§ SOURCE MATERIAL

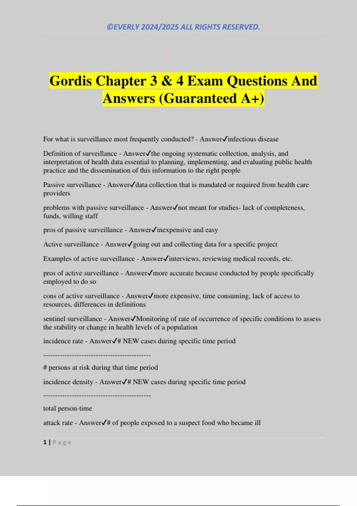 Gordis Chapter 3 & 4 Exam Questions And Answers (Guaranteed A+) For what is surveillance most frequently conducted? - Answerinfectious disease Definition of surveillance - Answerthe ongoing systematic collection, analysis, and interpretation of health data essential to planning, implementing, and evaluating public health practice and the dissemination of this information to the right people Passive surveillance - Answerdata collection that is mandated or required from health care providers problems with passive surveillance - Answernot meant for studies- lack of completeness, funds, willing staff pros of passive surveillance - Answerinexpensive and easy Active surveillance - Answergoing out and collecting data for a specific project Examples of active surveillance - Answerinterviews, reviewing medical records, etc. pros of active surveillance - Answermore accurate because conducted by people specifically employed to do so cons of active surveillance - Answermore expensive, time consuming, lack of access to resources, differences in definitions sentinel surveillance - AnswerMonitoring of rate of occurrence of specific conditions to assess the stability or change in health levels of a population incidence rate - Answer# NEW cases during specific time period --------------------------------------------- # persons at risk during that time period incidence density - Answer# NEW cases during specific time period --------------------------------------------- total person-time attack rate - Answer# of people exposed to a suspect food who became ill
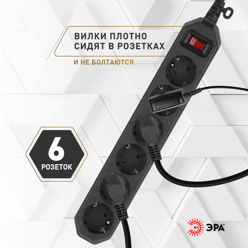 Сетевой фильтр ЭРА USF-6es-3m-B рассчитан на одновременное подключение большого количества техники. На корпусе расположены 6 розеток с заземлением. Отличительной особенностью модели выступает прочный корпус из негорючего полипропилена, надежный трехжильный провод, терморазмыкатель на 10А, который защищает приборы от перегрузки. На корпусе расположена кнопка выключения. Сетевой фильтр разработан собственными инженерами компании ЭРА, проходят проверку на всех этапах производства, гарантируя высокое качество его исполнения. Длина провода модели составляет 3 метра. Удлинитель удобно использовать в пределах одной комнаты. Сетевой фильтр имеет кольцо на шнуре, благодаря чему прибор можно быстро выдернуть из сети.
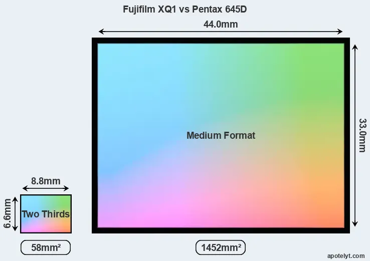 Of the two cameras under consideration, the Fujifilm XQ1 features a 2/3 sensor and the Pentax 645D a medium format sensor. The sensor area in the 645D is 2403 percent bigger. As a result of these sensor size differences, the cameras have a format factor of, respectively, 3.9 and 0.79. Both cameras feature a native aspect ratio (sensor width to sensor height) of 4:3.
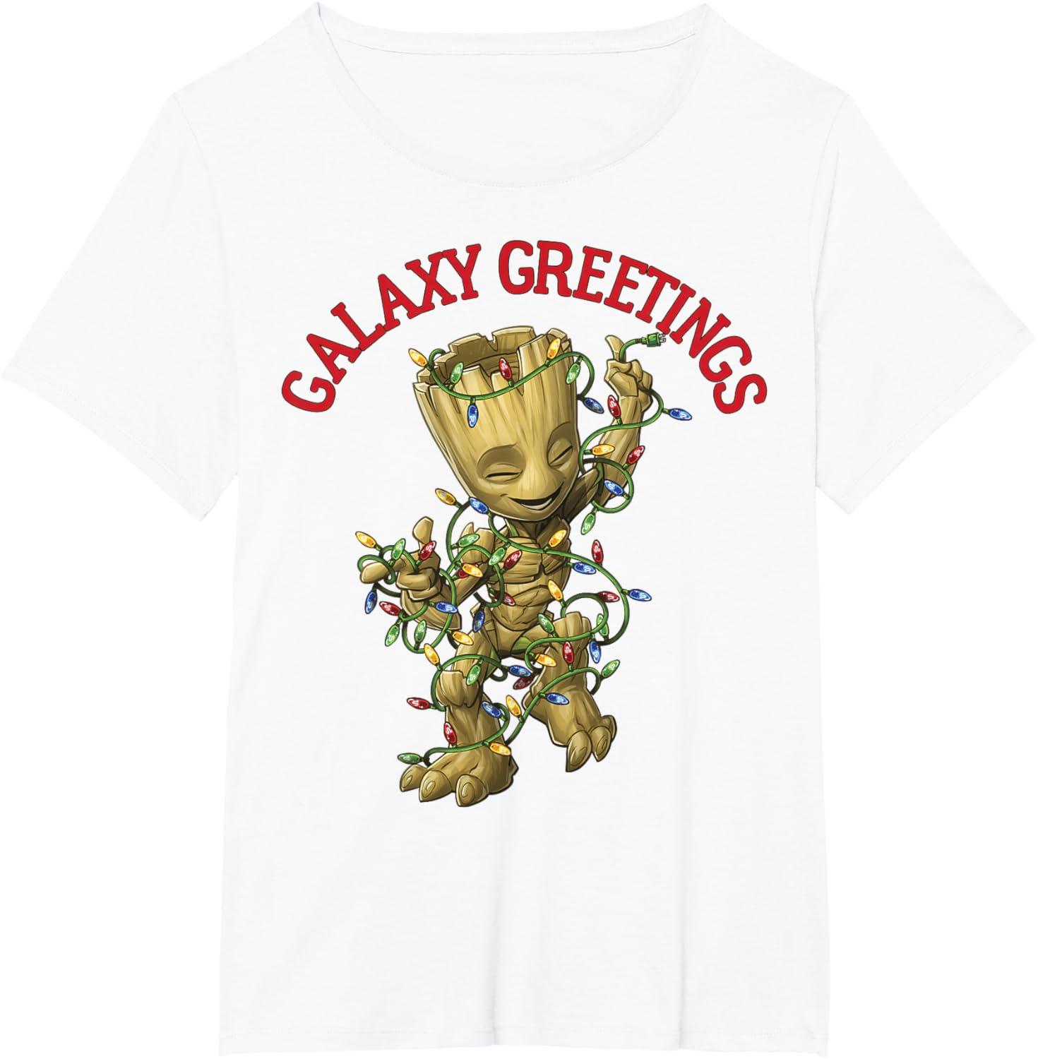 Marvel Christmas Groot Galaxy Greetings Short Sleeve T-Shirt(White)
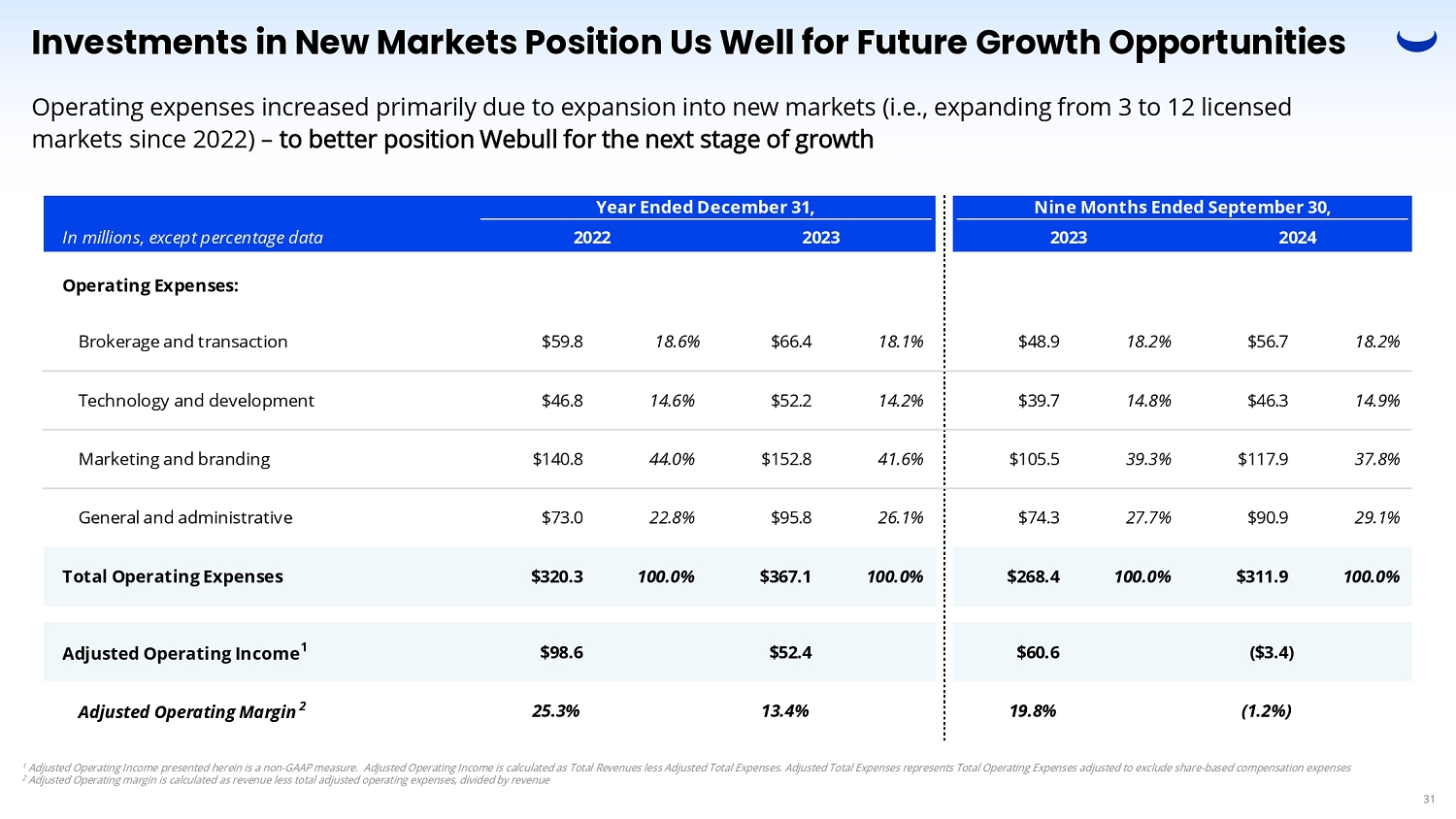 Investments in New Markets Position Us Well for Future Growth Opportunities Operating expenses increased primarily due to expansion into new markets (i.e., expanding from 3 to 12 licensed markets since 2022) – to better position Webull for the next stage of growth 1 Adjusted Operating Income presented herein is a non - GAAP measure. Adjusted Operating Income is calculated as Total Revenues less Adjusted Total Expenses. Adjusted Total Expenses represents Total Operating Expenses adjusted to exclude share - based compensation expenses 2 Adjusted Operating margin is calculated as revenue less total adjusted operating expenses, divided by revenue Nine Months Ended September 30, 2023 2024 $48.9 18.2% $56.7 18.2% Year Ended December 31, 2022 2023 In millions, except percentage data Operating Expenses: $59.8 18.6% $66.4 18.1% Brokerage and transaction 14.9% $46.3 14.8% $39.7 14.2% $52.2 14.6% $46.8 Technology and development 37.8% $117.9 39.3% $105.5 41.6% $152.8 44.0% $140.8 Marketing and branding 29.1% $90.9 27.7% $74.3 26.1% $95.8 22.8% $73.0 General and administrative 100.0% $311.9 100.0% $268.4 100.0% $367.1 100.0% $320.3 Total Operating Expenses ($3.4) $60.6 $52.4 $98.6 Adjusted Operating Income 1 (1.2%) 19.8% 13.4% 25.3% Adjusted Operating Margin 2 31

§ WHAT NEEDS TO BE DONE
Begin at the line in the entries above that has "Сетевой фильтр ЭРА", stop after the line that has "Marvel Christmas Groot", and output exactly those lines without pictures.

§ TASK RESPONSE
 Сетевой фильтр ЭРА USF-6es-3m-B рассчитан на одновременное подключение большого количества техники. На корпусе расположены 6 розеток с заземлением. Отличительной особенностью модели выступает прочный корпус из негорючего полипропилена, надежный трехжильный провод, терморазмыкатель на 10А, который защищает приборы от перегрузки. На корпусе расположена кнопка выключения. Сетевой фильтр разработан собственными инженерами компании ЭРА, проходят проверку на всех этапах производства, гарантируя высокое качество его исполнения. Длина провода модели составляет 3 метра. Удлинитель удобно использовать в пределах одной комнаты. Сетевой фильтр имеет кольцо на шнуре, благодаря чему прибор можно быстро выдернуть из сети.
 Of the two cameras under consideration, the Fujifilm XQ1 features a 2/3 sensor and the Pentax 645D a medium format sensor. The sensor area in the 645D is 2403 percent bigger. As a result of these sensor size differences, the cameras have a format factor of, respectively, 3.9 and 0.79. Both cameras feature a native aspect ratio (sensor width to sensor height) of 4:3.
 Marvel Christmas Groot Galaxy Greetings Short Sleeve T-Shirt(White)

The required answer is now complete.